OCP Data Preprocessing Tutorial#

This notebook provides an overview of converting ASE Atoms objects to PyTorch Geometric Data objects. To better understand the raw data contained within OC20, check out the following tutorial first: https://github.com/Open-Catalyst-Project/ocp/blob/master/docs/source/tutorials/data_visualization.ipynb

from fairchem.core.preprocessing import AtomsToGraphs
import ase.io
from ase.build import bulk
from ase.build import fcc100, add_adsorbate, molecule
from ase.constraints import FixAtoms
from ase.calculators.emt import EMT
from ase.optimize import BFGS

Generate toy dataset: Relaxation of CO on Cu#

adslab = fcc100("Cu", size=(2, 2, 3))
ads = molecule("CO")
add_adsorbate(adslab, ads, 3, offset=(1, 1))
cons = FixAtoms(indices=[atom.index for atom in adslab if (atom.tag == 3)])
adslab.set_constraint(cons)
adslab.center(vacuum=13.0, axis=2)
adslab.set_pbc(True)
adslab.set_calculator(EMT())
dyn = BFGS(adslab, trajectory="CuCO_adslab.traj", logfile=None)
dyn.run(fmax=0, steps=1000)
/tmp/ipykernel_4190/901556023.py:8: DeprecationWarning: Please use atoms.calc = calc
  adslab.set_calculator(EMT())
False
raw_data = ase.io.read("CuCO_adslab.traj", ":")
print(len(raw_data))
1001

Convert Atoms object to Data object#

The AtomsToGraphs class takes in several arguments to control how Data objects created:

  • max_neigh (int): Maximum number of neighbors a given atom is allowed to have, discarding the furthest

  • radius (float): Cutoff radius to compute nearest neighbors around

  • r_energy (bool): Write energy to Data object

  • r_forces (bool): Write forces to Data object

  • r_distances (bool): Write distances between neighbors to Data object

  • r_edges (bool): Write neigbhor edge indices to Data object

  • r_fixed (bool): Write indices of fixed atoms to Data object

a2g = AtomsToGraphs(
    max_neigh=50,
    radius=6,
    r_energy=True,
    r_forces=True,
    r_distances=False,
    r_edges=True,
    r_fixed=True,
)
data_objects = a2g.convert_all(raw_data, disable_tqdm=True)
data = data_objects[0]
data
Data(pos=[14, 3], cell=[1, 3, 3], atomic_numbers=[14], natoms=14, tags=[14], edge_index=[2, 635], cell_offsets=[635, 3], edge_distance_vec=[635, 3], energy=3.9893144106683787, forces=[14, 3], fixed=[14])
data.atomic_numbers
tensor([29., 29., 29., 29., 29., 29., 29., 29., 29., 29., 29., 29.,  8.,  6.])
data.cell
tensor([[[ 5.1053,  0.0000,  0.0000],
         [ 0.0000,  5.1053,  0.0000],
         [ 0.0000,  0.0000, 32.6100]]])
data.edge_index #neighbor idx, source idx
tensor([[ 1,  2,  2,  ...,  5,  6,  3],
        [ 0,  0,  0,  ..., 13, 13, 13]])
from torch_geometric.utils import degree
# Degree corresponds to the number of neighbors a given node has.
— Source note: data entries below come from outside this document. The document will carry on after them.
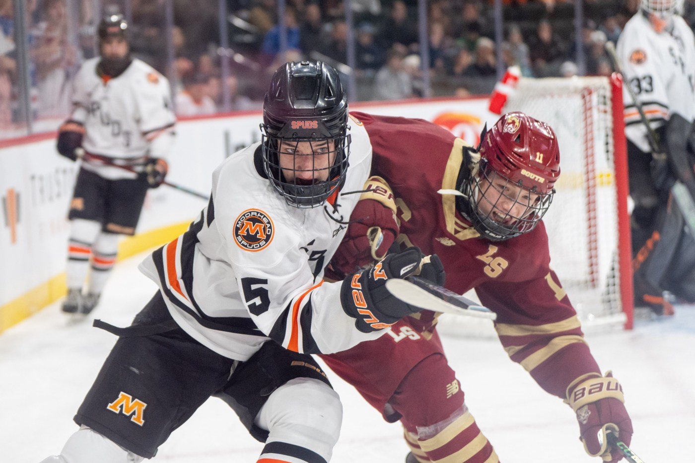 The No. 3-ranked, defending state champion Spuds are at state for the seventh time in eight seasons and are coming off their first-ever state championship, in their ninth title-game appearance. Moorhead is 24-3-1 overall, its only losses coming against No. 1-ranked Rogers (5-3), No. 2-ranked Minnetonka (4-2) and Grand Forks (N.D.) Central (5-4), which is 24-2-3 and met rival Grand Forks Red River in the North Dakota state championship game on Saturday. Moorhead is the state’s highest-scoring team in Class 2A (6.0 goals per game) and allows 2.29 goals per game. The Spuds convert at an incredible 34.4% (33-for-96) on the power play and kill penalties at an impressive 83.1% clip. Sophomore goalie Will Arnold (5-feet-11, 180 pounds) has been outstanding in his first season of high school hockey, going 20-2-1 with a 2.17 GAA, an .892 save pct. and 5 shutouts. Senior forward Tyden Bergeson, an Augustana commit, leads the Spuds in points (27-48—75) and is second in the state in assists. Junior and University of Minnesota Duluth commit Max Cullen — son of former Moorhead, St. Cloud State and Minnesota Wild star Matt Cullen — is second on the team (25-34–59). His brother, sophomore Joey Cullen, is also a dynamic player, who has 17-20–37 this season. Senior defenseman Brandon Mickelson has 21-38–59 from the blue line, while junior forward Zac Zimmerman has 24-34—58.
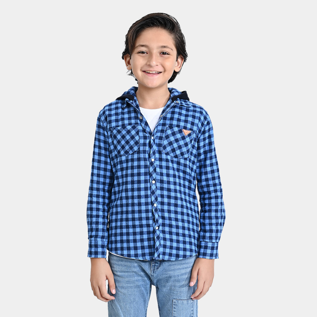 Boys Flannel Casual Shirt F/S (Wat's UP)-Blue
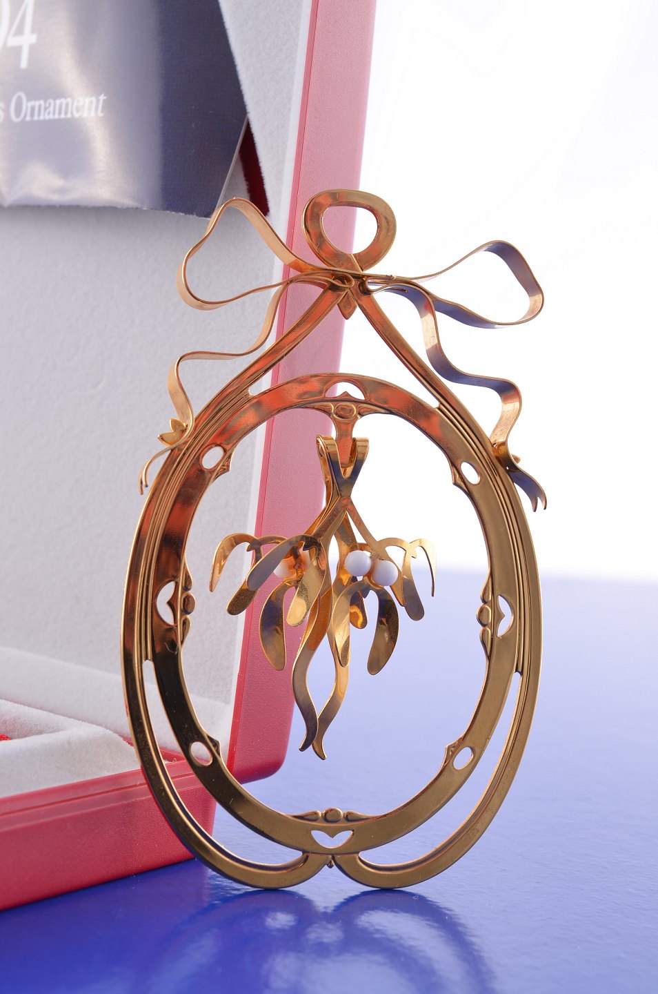 Georg Jensen Julepynt. Juleuroen år 1994 med mistelten motiv, forgyldt messing. Designet af kunstneren, Jette Frölicb. Pæn velholdt stand, med æske.
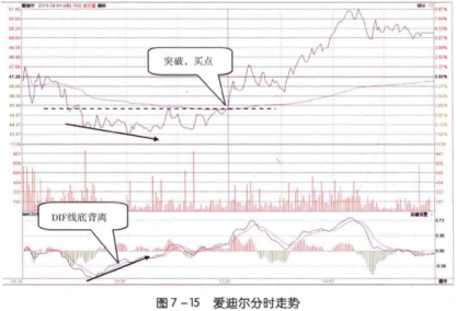 如图7-15所示,2015 年8月4日上午,爱迪尔(002740) 股价下跌至底部后,连续两次几乎下跌至同一个位置获得支撑,形成双底形态。在双底的第一个底部,股价就已经与MACD指标中的DIF线形成了背离形态。
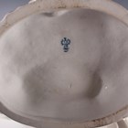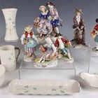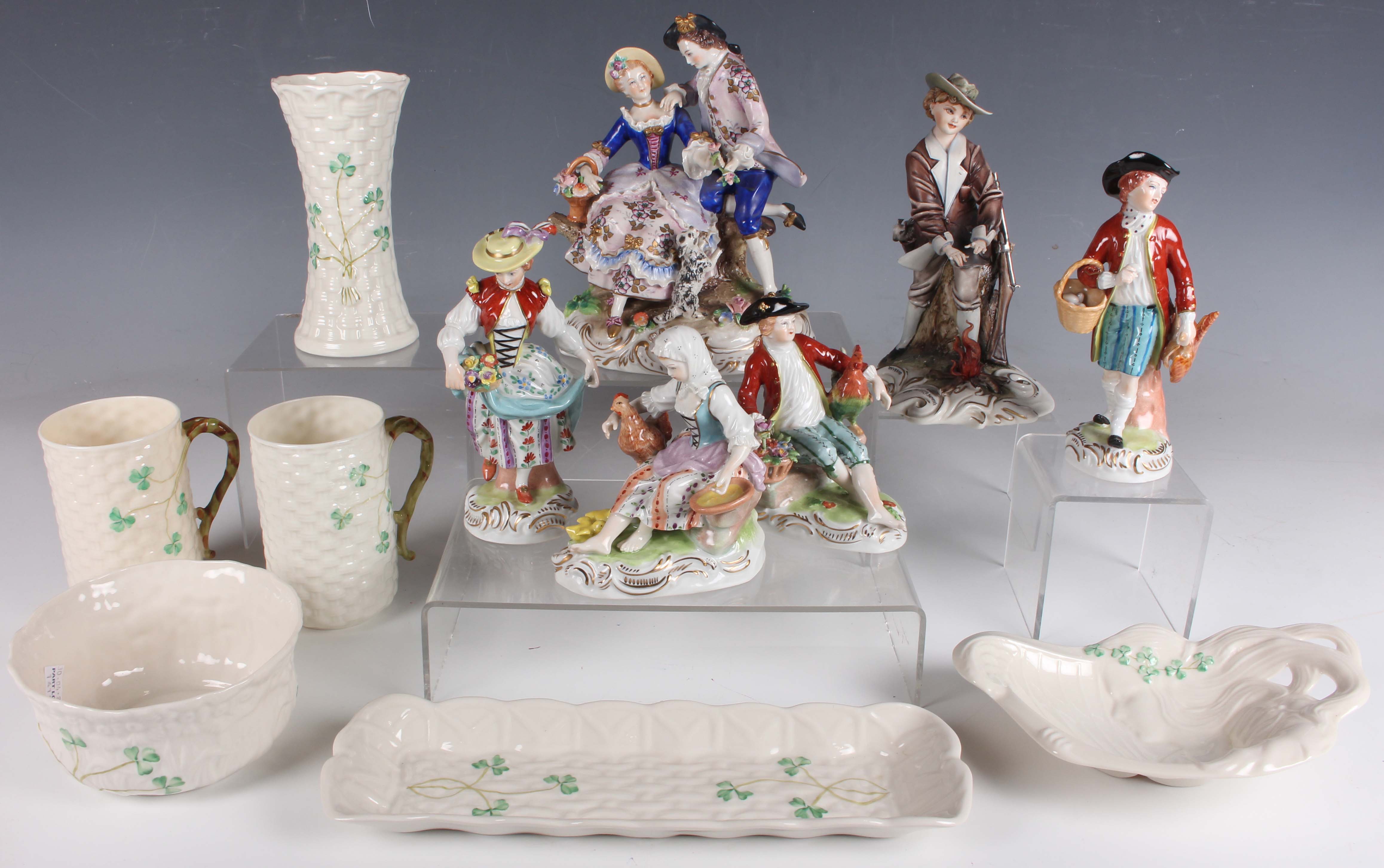 A Sitzendorf porcelain figure group, 20th century, modelled as a couple in period dress accompanied by a dog, raised on a base with gilt enriched scroll moulded detail, underglaze blue factory mark to base, height 17cm, two pairs of Dresden figures, tallest 15cm, a Capodimonte figure of a hunter warming his hands over a fire, and six pieces of modern Belleek, including two basketweave moulded mugs decorated with shamrocks and a dressing table tray moulded with the head of an Art Nouveau lady.
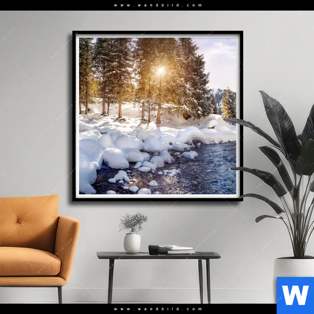 Poster | Schneebedeckte Landschaft am Fluss | Quadrat
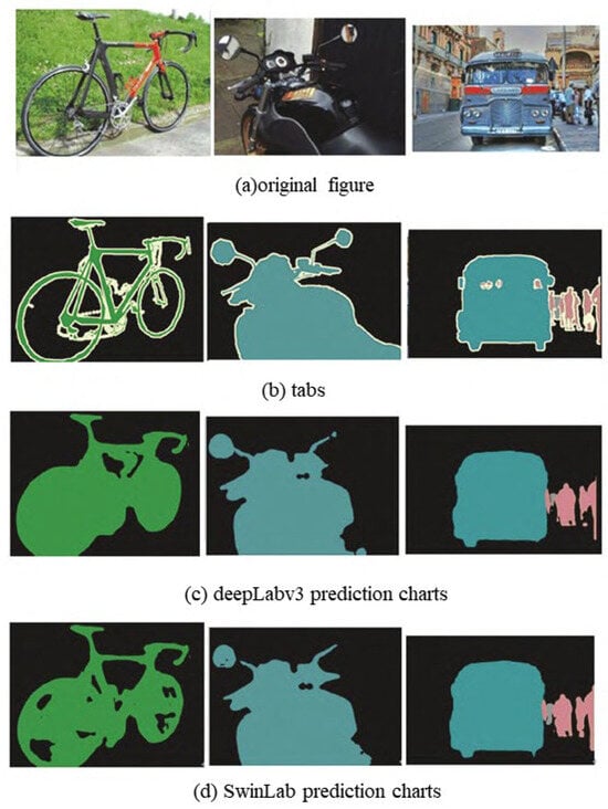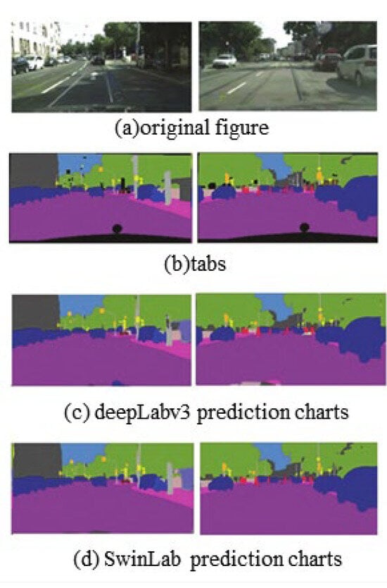 The segmentation results on the Pascal VOC2012 dataset and the Cityscapes dataset are shown in Figure 6 and Figure 7. In Figure 6 and Figure 7, (a) to (d) show the original figure, tabs, DeepLabv3 prediction charts, and SwinLab prediction charts, respectively.

Note there is no more than max_neigh neighbors for
# any given node.

degree(data.edge_index[1]) 
tensor([45., 45., 45., 46., 49., 49., 49., 49., 50., 49., 49., 49., 26., 35.])
data.fixed
tensor([1, 1, 1, 1, 0, 0, 0, 0, 0, 0, 0, 0, 0, 0], dtype=torch.int32)
data.forces
tensor([[ 1.7794e-15,  2.2235e-15,  1.1354e-01],
        [-8.0838e-16,  1.1120e-15,  1.1344e-01],
        [ 2.1459e-15,  1.2733e-15,  1.1344e-01],
        [-5.7891e-16,  8.3663e-16,  1.1294e-01],
        [-8.5221e-03, -8.5221e-03, -1.1496e-02],
        [ 8.5221e-03, -8.5221e-03, -1.1496e-02],
        [-8.5221e-03,  8.5221e-03, -1.1496e-02],
        [ 8.5221e-03,  8.5221e-03, -1.1496e-02],
        [-1.6723e-15, -1.1735e-15, -1.0431e-01],
        [ 3.9409e-16, -1.5543e-15, -6.6610e-02],
        [-3.4001e-15, -8.4849e-17, -6.6610e-02],
        [ 1.8858e-15,  9.3691e-16, -3.3250e-01],
        [-4.4046e-20, -4.4046e-20, -3.4247e-01],
        [ 8.7549e-18, -5.1229e-18,  5.0512e-01]])
data.pos
tensor([[ 0.0000,  0.0000, 13.0000],
        [ 2.5527,  0.0000, 13.0000],
        [ 0.0000,  2.5527, 13.0000],
        [ 2.5527,  2.5527, 13.0000],
        [ 1.2763,  1.2763, 14.8050],
        [ 3.8290,  1.2763, 14.8050],
        [ 1.2763,  3.8290, 14.8050],
        [ 3.8290,  3.8290, 14.8050],
        [ 0.0000,  0.0000, 16.6100],
        [ 2.5527,  0.0000, 16.6100],
        [ 0.0000,  2.5527, 16.6100],
        [ 2.5527,  2.5527, 16.6100],
        [ 2.5527,  2.5527, 19.6100],
        [ 2.5527,  2.5527, 18.4597]])
data.energy
3.9893144106683787

Adding additional info to your Data objects#

In addition to the above information, the OCP repo requires several other pieces of information for your data to work with the provided trainers:

  • sid (int): A unique identifier for a particular system. Does not affect your model performance, used for prediction saving

  • fid (int) (S2EF only): If training for the S2EF task, your data must also contain a unique frame identifier for atoms objects coming from the same system.

  • tags (tensor): Tag information - 0 for subsurface, 1 for surface, 2 for adsorbate. Optional, can be used for training.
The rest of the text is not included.